(PROJECT 1) Retrotransposable elements (RTEs) comprise ~45% of the human genome. RTEs are mobile DNA elements that can insert into new genomic positions using a copy and paste mechanism. This process, termed retro- transposition, can be deleterious at multiple levels by causing mutagenesis and genome structural instability, triggering epigenetic changes, and disrupting normal patterns of gene regulation. Organisms have evolved multiple transcriptional and post-transcriptional silencing mechanisms to protect their genomes. Until recently RTEs were thought to be silent in the soma, however, new evidence points to activity in the brain and in cancer cells. Indeed, initial indications are that somatic retrotransposition is much more frequent than previously anticipated. Our group has reported that retrotransposition is activated during aging and cellular senescence, and hypothesized that it may represent a hitherto unappreciated molecular aging process. These findings however raise important new questions: what is the magnitude of the 'retrotransposition problem', and to what extent is this process damaging to our somatic cells? What are the mechanisms that hold RTEs in check in somatic tissues, and how do they fail with age? Our lack of knowledge in these areas is a key barrier to under- standing the role of RTEs in aging and disease. To break new ground in these efforts our research seeks to elucidate what we broadly refer to as 'the landscape of somatic retrotransposition'.

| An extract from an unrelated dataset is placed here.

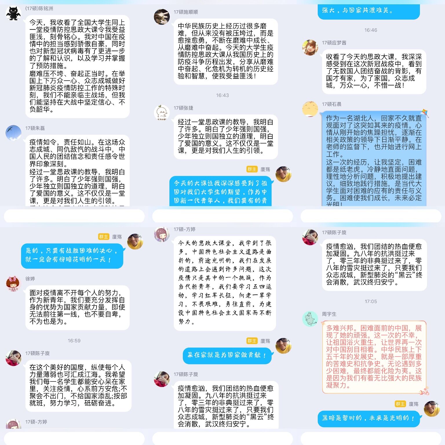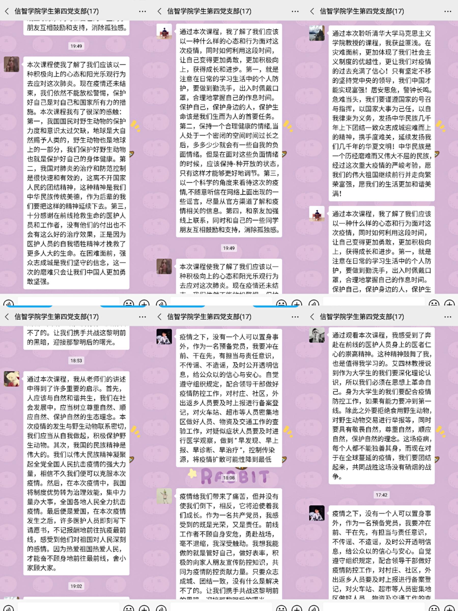 学生第三党支部书记毛立晨:此次抗疫大考中,有千千万万的逆行者们不畏传染,战胜恐惧,奔赴前线,他们在战场上表现出来的青春力量和大无畏精神是值得每位大学生学习和思考。青年们应当明确自己的责任与担当,坚持与全国人民同呼吸,共命运!坚决打好这场防控防疫阻击战,为人民为国家贡献自己的力量。

In Aim 1 we will perform a genome-wide quantitative analysis of novel transpositions. The frequency of these events in the genomes of senescent or aged cells, their structures, and their locations are completely unknown. With Jef Boeke and Core B we will apply high-throughput DNA sequencing, including TIP-seq and single-cell whole genome sequencing to comprehensively profile novel transposition events. As an independent method we will use retrotransposon reporters.
Aim 2 is based on our preliminary data that occupancy of pRb on the L1 promoter decreases in senescent human cells and aging mouse tissues, that overexpression of pRb antagonizes the activation of L1 in senescent cells, and knockdown in normal cells promotes L1 activation. We hypothesize that pRb, a known regulator heterochromatin, represses L1 in normal cells and that this mechanism fails during senescence and aging. We will therefore examine the composition of pRb-containing complexes and their interaction with L1s, observe their behavior during cellular senescence and mouse aging, and perturb specific components to test effects on L1 activity.
In Aim 3 we will modulate RTE activity using genetic and pharmaceutical interventions and investigate the consequences on cellular function. We will use engineered regulatable L1 elements to drive increased retrotransposition activity, develop shRNA or CRISPR interventions to block the transcription of endogenous L1s, and treat cells and mice with reverse transcriptase inhibitors to determine whether age- associated phenotypes can be ameliorated. Our long-term goal is to assess the extent to which RTEs contribute to aging or age-associated disorders, and hence are potential targets for therapeutic interventions.